I think things weren't very precisely formulated. If a tool changes the
build that creates the ELF file so that it isn't a "semantically
identical" binary anymore then it should get a new (recalculated)
build-id. But if a tool changes something about the file that still
results in a "semantically identical" binary then the build-id stays the
same.
What isn't precisely defined is what "semantically identical binary"
means. The intention is that it captures everything that a build was
made from. So if the source files used to generate a binary are
different then you expect different build-ids, even if the binary code
produced might happen to be the same.
This is why when calculating the build-id of a file through a hash
algorithm you use not just the (allocated) code sections, but also the
debuginfo sections (which will contain references to the source file
names).
But if you then for example strip the debuginfo out (and put it into a
separate file) then that doesn't change the build-id (the file was still
created from the same build).
This is also why, even if you knew the precise hashing algorithm used to
calculate the build-id, you might not be able to recalculate the
build-id. Because you might be missing some of the original data used in
the hashing algorithm to calculate the build-id.
Feel free to share this answer with others.
Cheers,
Mark
Also, for people interested in debuginfo (linux performance & tracing, anyone?), he mentioned a couple projects for managing them on Fedora:
https://fedoraproject.org/wiki/Changes/ParallelInstallableDebuginfo
https://fedoraproject.org/wiki/Changes/SubpackageAndSourceDebuginfo

The build ID is not a hash of the program, but rather a unique identifier for the build, and is to be considered just a "unique blob" — at least at some point it used to be defined as a hash of timestamp and absolute file path, but that's not a guarantee of stability either.

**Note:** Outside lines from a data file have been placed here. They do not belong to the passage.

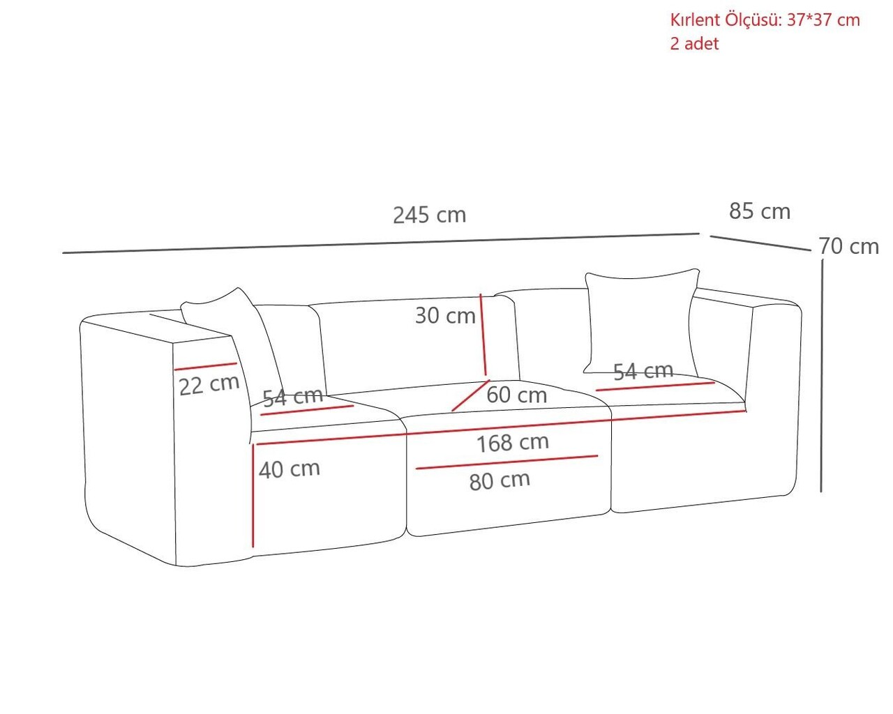 Canapea 3 locuriCorpul canapelei: 100% spumăFără structură interioară dură30 DNS Soft Foam for Sitting and BackPartical Foam Filled CushionsLatime: 245 cm Inaltime: 70 cm Adancime: 85 cmLatime sezut: 168 cmAdancime sezut: 60 cmInaltime sezut: 40 cmGrosimea cotierei: 22 cmDimensiunea pernei: 37 x 37 cmPrietenos cu mediulNu necesită asamblare
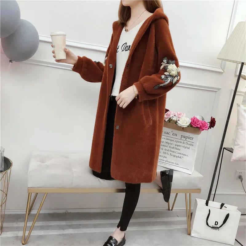 Women's Thickened Hooded Warm Imitation Mink Fleece Coat for Fall/Winter Mid-Length Wool Coat Female
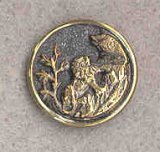 1890? 1 brass three-piece button of the Lion in a Lush Valley, 5/8" in diameter. Gift of Robin Larner, Rochester, NY, through Ebay, May, '99.
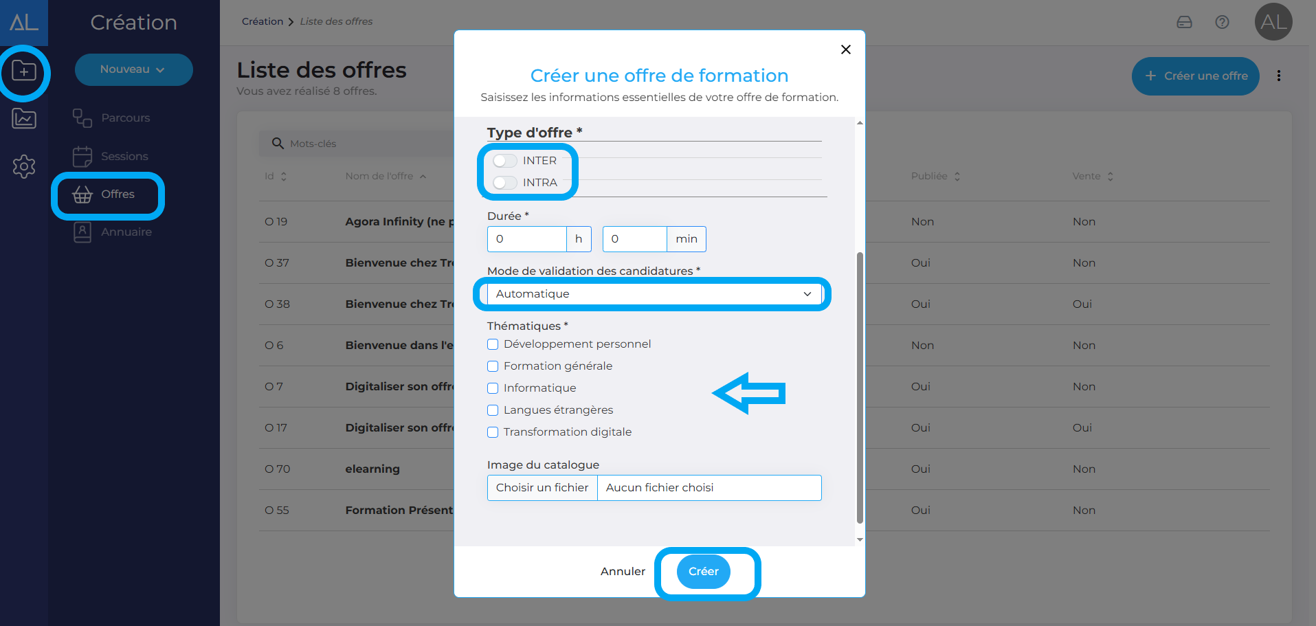 Avant de déposer une session dans votre catalogue de formation, il vous faudra d’abord créer une offre, rendez-vous dans “Création” puis “Offres”.
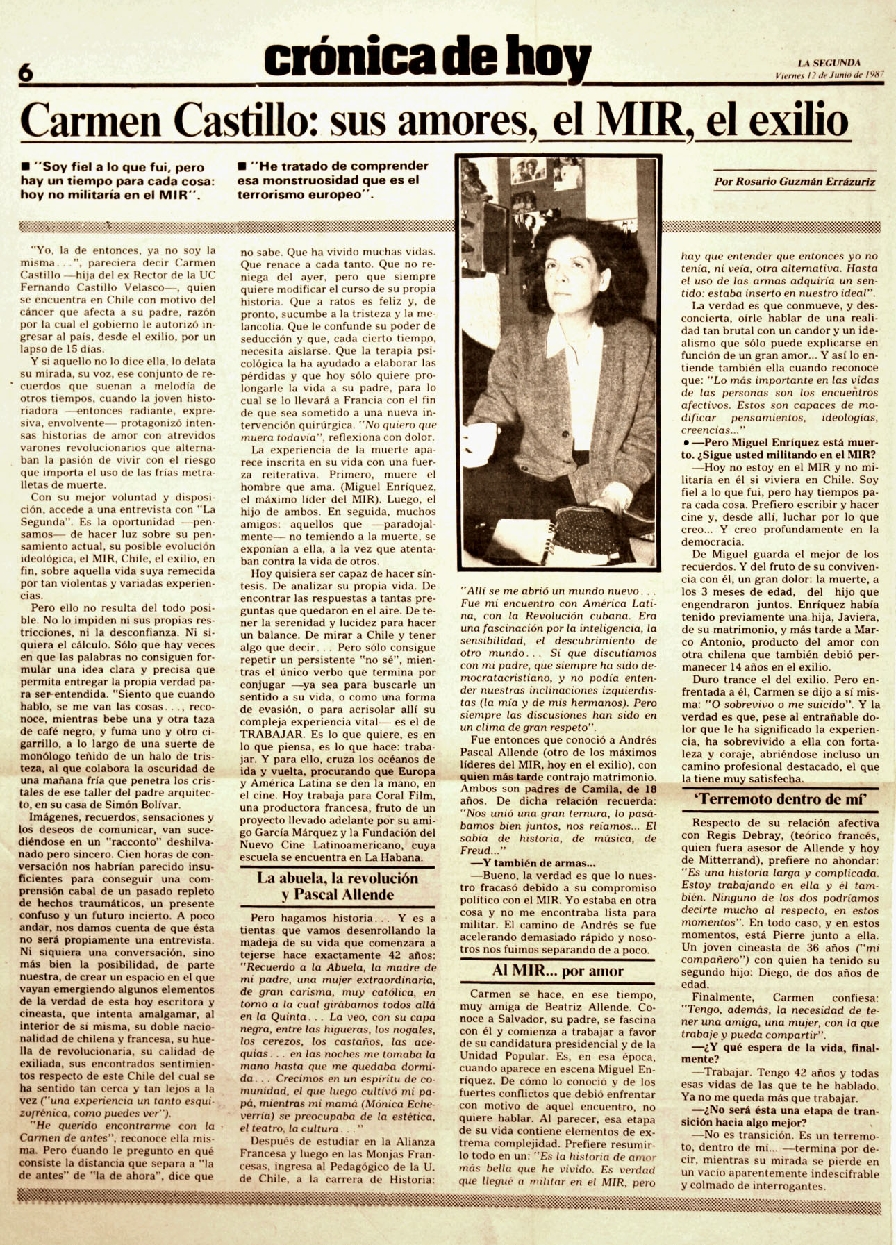 Carmen Castillo: sus amores, el MIR, el exilio.
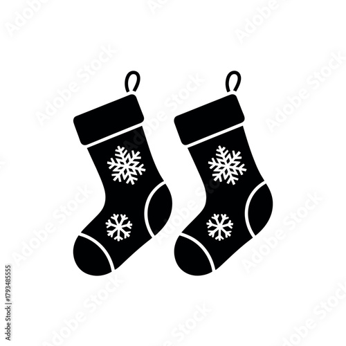 christmas, stocking, stocking, holiday, christmas, festive, gift, gift, present, present, winter, snow, snowflake, snowflake, decoration, decorative, ornament, ornament, tradition, tradition, celebration, celebration, december, joy, merry, seasonal, wintery, hanging, pair, matching, black, white, silhouette, graphic, icon, symbol, design, object, accessory, apparel, footwear, warmth, cosy
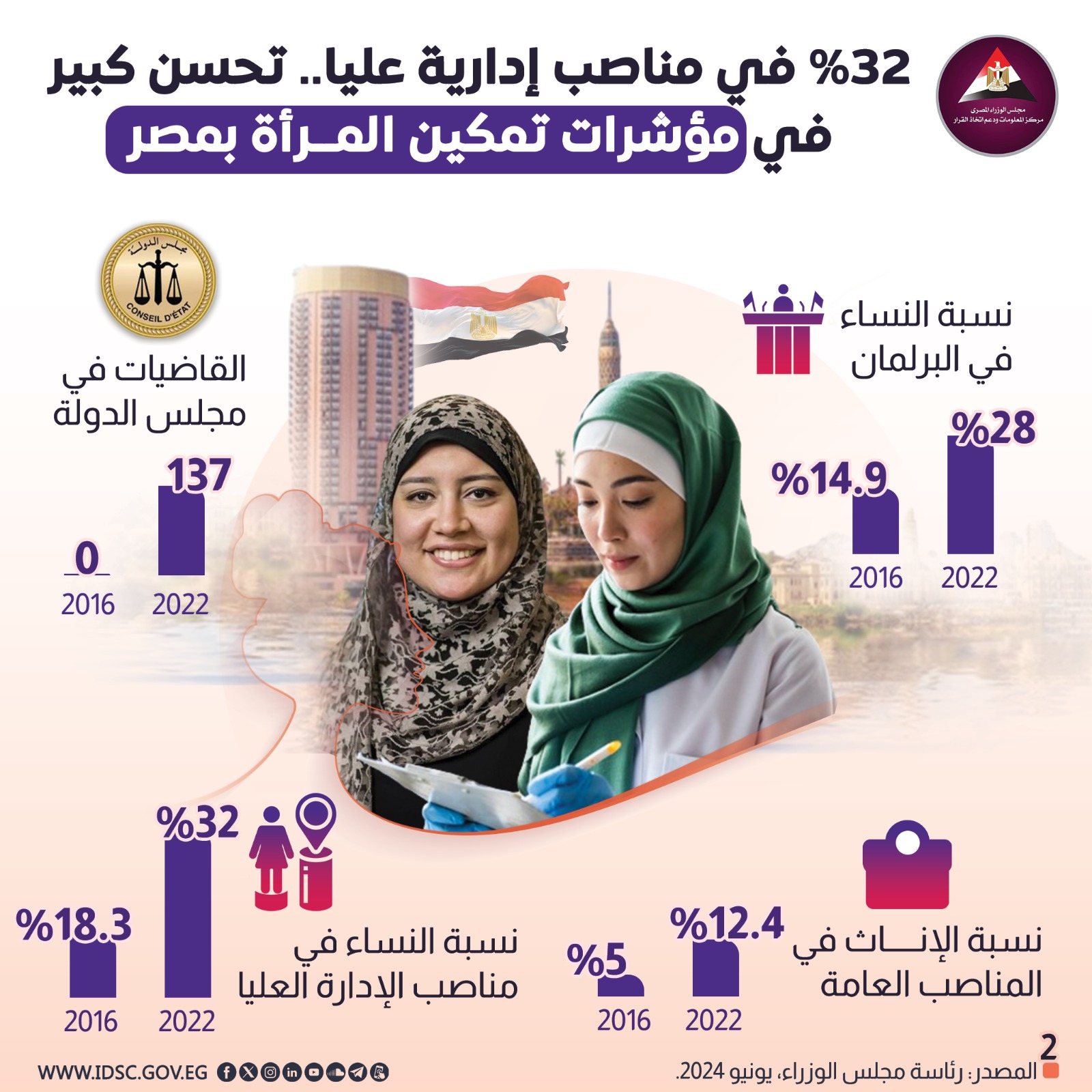 32 % في مناصب إدارية عليا، تحسن بمؤشرات تمكين المرأة المصرية
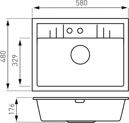 Granitový dřez s přepadem. Dřez má rozměry 58x48 cm a hloubku 17,6 cm. Automatické otevírání a zavírání výpusti knoflíkem. Součástí balení je sifon. Prodloužená záruka 15 let.Parametry
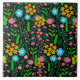 Pretty Blue Pink Garden Flowers Black Design Tile
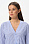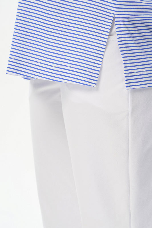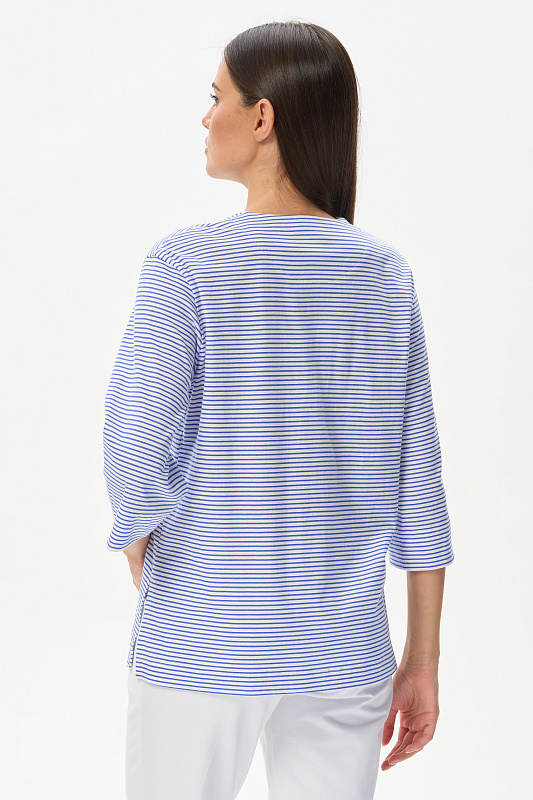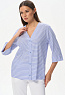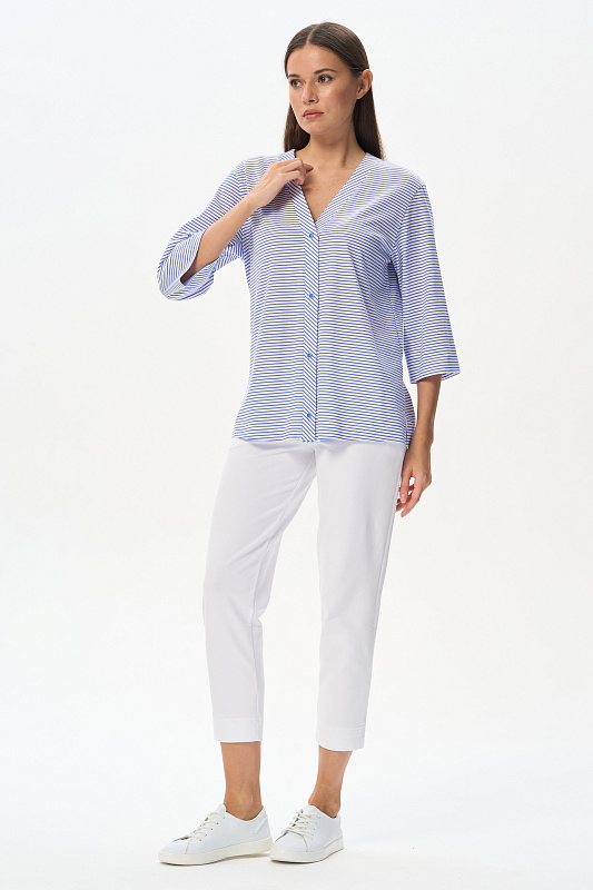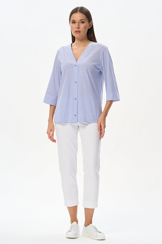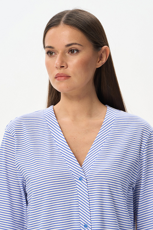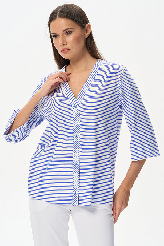 Блузка из кулирка качества ПЕ 150 гр рисунок - полоски в оттенках Яркий синий и Чистый белый. Модель свободная, прямого силуэта, V-образный вырез горловины и борт обработаны широкой планкой по-косой, застёжка на изящные пуговицы. Рукава свободные, длиной 3/4, с широкими подворотами, которые позволяют регулировать длину рукавов. Лёгкая, комфортная блузка для летнего сезона. Рост модели 175 см.
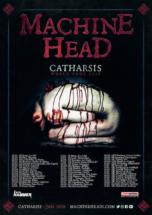 Il cantante/chitarrista Robb Flynn dichiara: “È passato troppo tempo da quando abbiamo demolito i club europei! Ci siamo presi una pausa straordinariamente produttiva per comporre il nostro nuovo album ‘Catharsis’, ma ora è tempo per i MACHINE HEAD di tornare a spaccare! Il nostro ultimo tour ‘Evening With’ è stato incredibile, quindi anche le prossime date saranno concerti in cui suoneremo due ore e mezza / tre, senza band di apertura”.
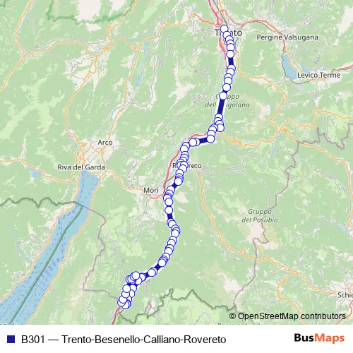 Bus B301 - Trento-Besenello-Calliano-Rovereto Schedule in Trento
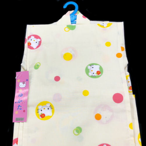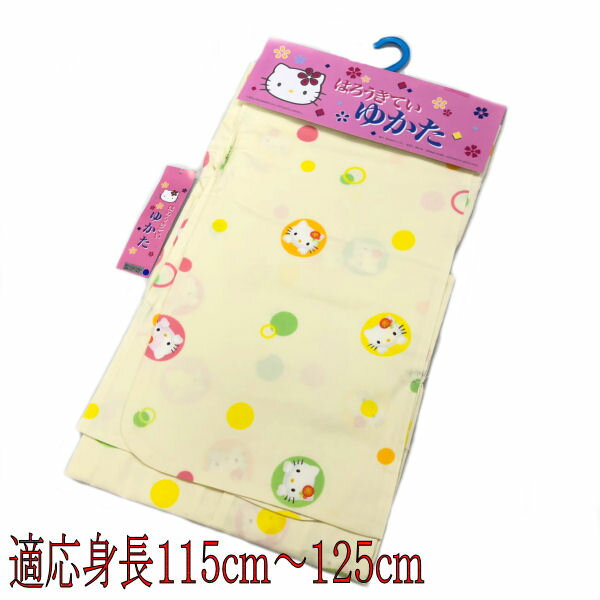 【送料無料】ゆかた こども サンリオ ハローキティ 浴衣 女の子 白 ホワイト 120cm 7才から8才用 子供 日本製生地使用 水玉柄 綿 夏 祭り 着物 ジュニア キッズ かわいい おしゃれ 人気 キティちゃん はろうきてい 適応身長115cm〜125cm
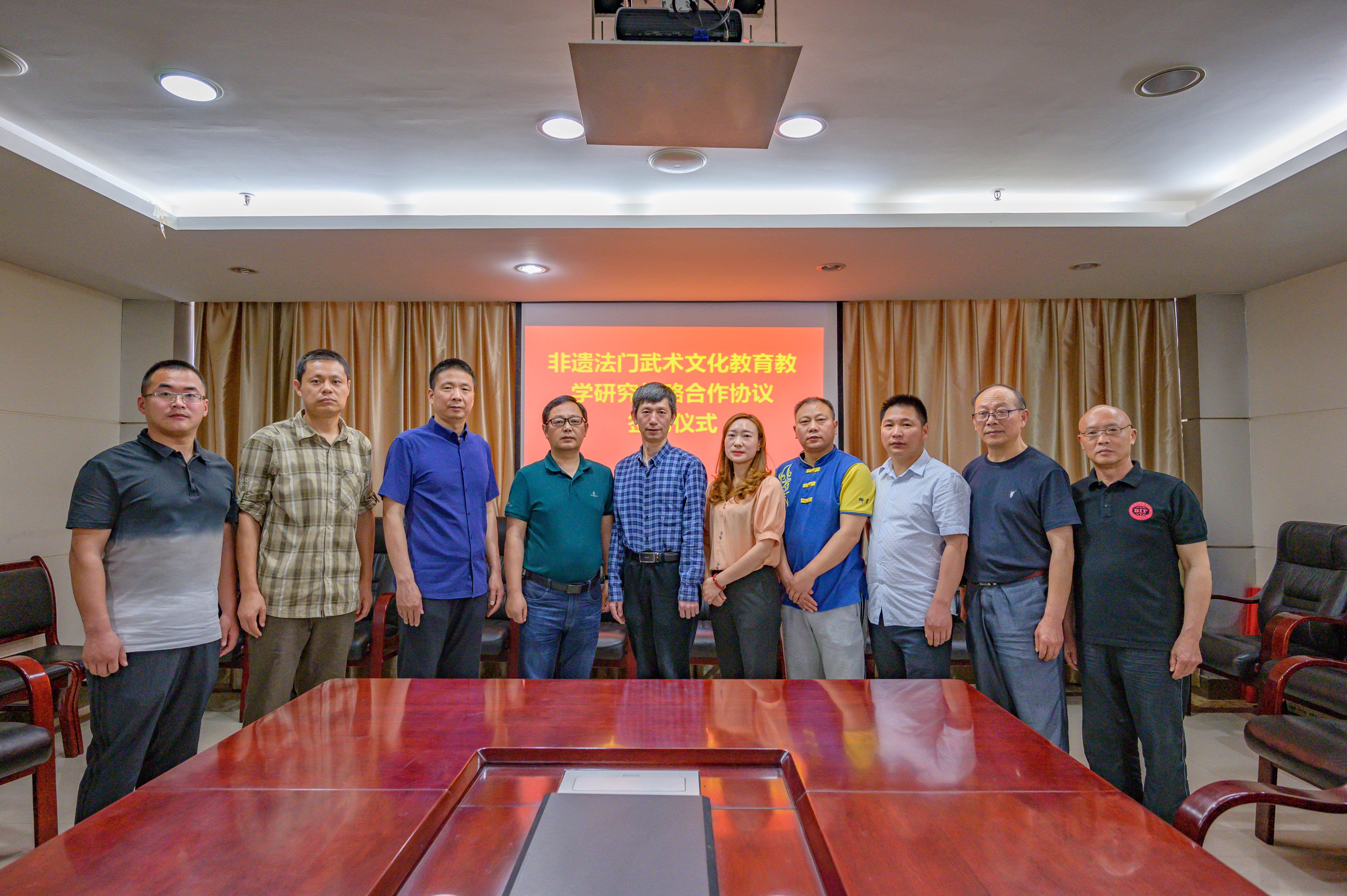 签约仪式上,首先由法门武术研究会会长姚德海介绍了法门武术的发展历史和取得的成绩。接着佘涛经理向与会嘉宾介绍了合作协议的主要内容。最后,由王兆忠致辞并代表tyc122cc太阳成集团与法门武术研究会签署战略合作协议。双方相信通过建立长期稳定的战略合作关系,坚持互学互鉴、共建共享,共同开创武术文化交流的新渠道,搭建武术科研合作、赛事交流、高端武术人才培养、校园传承和社会推广的新平台,共同推进法门武术文化交流、发展。

I wonder if there is an easy way to recompute Build ID yourself?
No, there isn't, by design.
The page you linked to itself links to the original description of what build-id is and what it's usable for. That pages says:
But I'd like to specify it explicitly as being a unique identifier good
only for matching, not any kind of checksum that can be verified against
the contents.
(There are external general means for content verification, and I don't
think debuginfo association needs to do that.)
Additional complications are: the linker can take any of:
--build-id
--build-id=sha1
--build-id=md5
--build-id=0xhexstring
So the build id is not necessarily an sha1 sum to begin with.

Related

Removing assembly instructions from ELF

I am working on an obfuscated binary as a part of a crackme challenge. It has got a sequence of push, pop and nop instructions (which repeats for thousands of times). Functionally, these chunks do not have any effect on the program. But, they make generation of CFGs and the process of reversing, very hard.
There are solutions on how to change the instructions to nop so that I can remove them. But in my case, I would like to completely strip off those instructions, so that I can get a better view of the CFG. If instructions are stripped off, I understand that the memory offsets must be modified too. As far as I could see, there were no tools available to achieve this directly.
I am using IDA Pro evaluation version. I am open to solutions using other reverse engineering frameworks too. It is preferable, if it is scriptable.
I went through a similar question but, the proposed solution is not applicable in my case.
I would like to completely strip off those instructions ... I understand that the memory offsets must be modified too ...
In general, this is practically impossible:
If the binary exports any dynamic symbols, you would have to update the .dynsym (these are probably the offsets you are thinking of).
You would have to find every statically-assigned function pointer, and update it with the new address, but there is no effective way to find such pointers.
Computed GOTOs and switch statements create function pointer tables even when none are present in the program source.
As Peter Cordes pointed out, it's possible to write programs that use delta between two assembly labels, and use such deltas (small immediate values directly encoded into instructions) to control program flow.
It's possible that your target program is free from all of the above complications, but spending much effort on a technique that only works for that one program seems wasteful.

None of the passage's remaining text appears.